What?  I have a career?

AngryCorvair (Forum Supporter)
AngryCorvair (Forum Supporter) MegaDork
12/7/20 4:25 p.m.

I'm pretty happy with what I've done and where I've been. If I was forced to choose a different path, I would have gone to a trade school for welding and fabrication and I'd be building hot rods.

frenchyd
frenchyd PowerDork
12/7/20 4:58 p.m.
docwyte said:

Would've liked to have gone to the Air Force Academy and flown planes, either heavies or an A10.

If you really wanted to fly the Navy has a lot more planes. Plus wings of gold.

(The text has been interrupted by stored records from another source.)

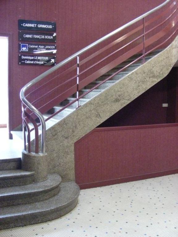 Cet immeuble qui participait à l'homogénéité de la place est surtout intéressant par l'augmentation qui y a été faite dans les années 1950 : la mise en oeuvre de la cage d'escalier, très vaste, emprunte au style "paquebot" Art déco sa mise en oeuvre, de même que l'éclairage zénithal. On retrouve la même inspiration dans l'escalier plus modeste qui dessert le corps postérieur.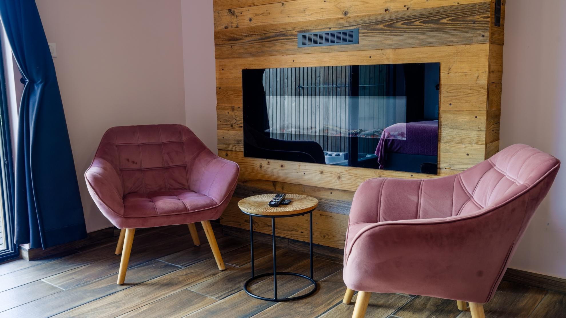 Le Refuge is equipped with a large double bed, a bathroom with a walk-in shower, a separate WC, a fireplace and a cosy lounge area with armchairs and a coffee table.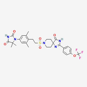 IUPAC Name: 1-(3,5-dimethyl-4-(2-((4-oxo-2-(4-(trifluoromethoxy)phenyl)-1,3,8-triazaspiro[4.5]dec-1-en-8-yl)sulfonyl)ethyl)phenyl)-5,5-dimethylimidazolidine-2,4-dione[5]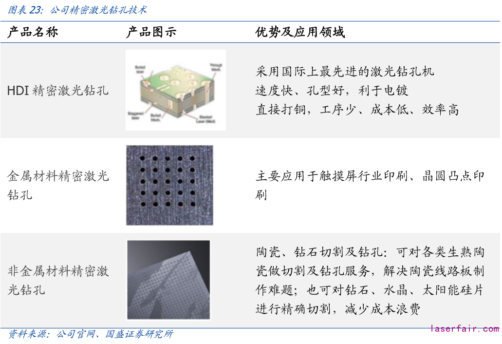 公司的技術(shù)應(yīng)用工藝全程自動(dòng)化,高精度、高效率、高品質(zhì)、低碳綠色環(huán)保,開創(chuàng)了UV激光應(yīng)用技術(shù)的創(chuàng)新應(yīng)用先河。我們認(rèn)為公司作為國內(nèi)龍頭的激光鉆孔外協(xié)服務(wù)商,在FPC業(yè)務(wù)領(lǐng)域的增量規(guī)模相當(dāng)可觀。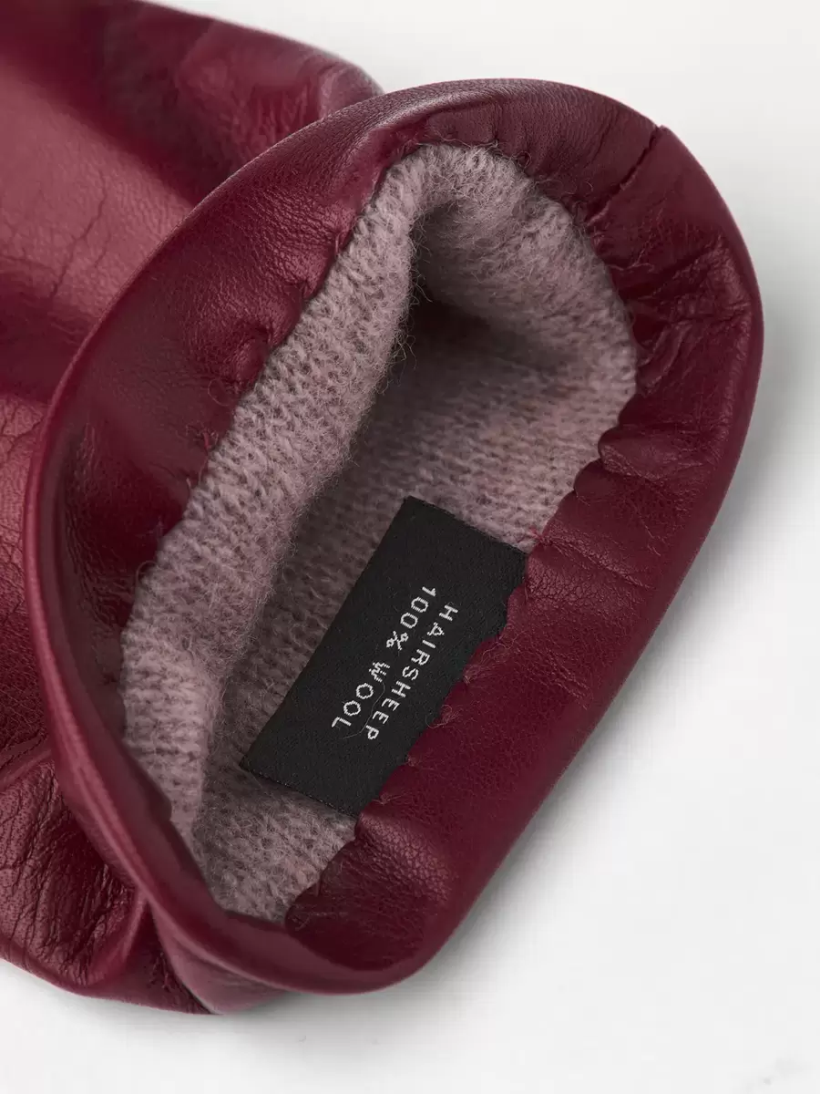 En elegant og tidløs læderhandske med et blødt, strikket uldfor. Syet i smidig italiensk lamme-nappa med håndsyede dekorative syninger på bagsiden af ​​hånden. Pasformen er feminin og tæt til hånden med halve piqué-sømme omkring fingrene. Et tidløst og smukt modetilbehør, der er perfekt varmende i forår og efterår samt på milde vinterdage.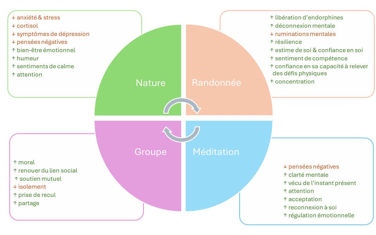 Un temps de méditation de 15 minutes vous sera proposé en plein air au cours de votre randonnée.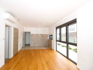 Stan se prostire na dvije etaže. Prizemlje se sastoji od ulaznog prostora, kuhinje s blagovaonicom te vrlo praktične ostave u kojoj se nalazi veliki bojler i koja je koncipirana kao vešeraj, s pripremljenim priključcima za perilicu rublja. Dnevni boravak ima veliku staklenu stijenu s direktnim izlazom na natkrivenu terasu površine 4 m² te na okućnicu od približno 120 m². Na ovoj etaži nalazi se i gostinjski WC.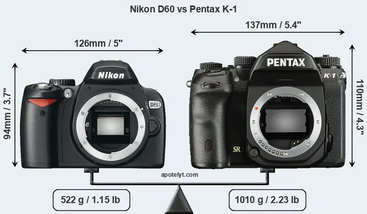 If the front view area (width x height) of the cameras is taken as an aggregate measure of their size, the Pentax K-1 is notably larger (27 percent) than the Nikon D60. Moreover, the K-1 is substantially heavier (93 percent) than the D60. It is noteworthy in this context that the K-1 is splash and dust-proof, while the D60 does not feature any corresponding weather-sealing.

Not lead ( er aluminum) 

Aside from that it's about a million times more fun to land on Rocking and rolling Aircraft carriers than a big boring airfield that stays in the same place and never moves. 
 

84FSP
84FSP UltraDork
12/7/20 4:59 p.m.

I went thru school and got a Supply Chain Statistics Nerd Operations Management Major.  I was dodging the higher level math and landed in 400 level statistics - DOH.  I would be be doing my same Job making more money out of the gate as a Mechanical Engineer having done the same level of math...

frenchyd
frenchyd PowerDork
12/7/20 5:02 p.m.

In reply to PMRacing :

My first plans were to be a professional Racer. Then I thought OK an airline pilot. The reality of that life hit me post Vietnam. My third choice was sales. 
    That worked beautifully until the Great Recession and following that I stumbled doing whatever someone would hire me to do until I retired. ( hopefully in 3 more years) 

j_tso
j_tso Reader
12/7/20 5:46 p.m.

I would but also have no idea what I would do differently, even knowing what I know now.

spitfirebill
spitfirebill MegaDork
12/7/20 5:48 p.m.

In reply to PMRacing :

Well do it.  

spitfirebill
spitfirebill MegaDork
12/7/20 5:51 p.m.

In reply to docwyte :

I tried to get in the Air Force Academy, but I wasn't a black athlete.  Four eyes would have kept me out of the cockpit though.    

codrus (Forum Supporter)
codrus (Forum Supporter) UberDork
12/7/20 6:11 p.m.
frenchyd said:

Aside from that it's about a million times more fun to land on Rocking and rolling Aircraft carriers than a big boring airfield that stays in the same place and never moves. 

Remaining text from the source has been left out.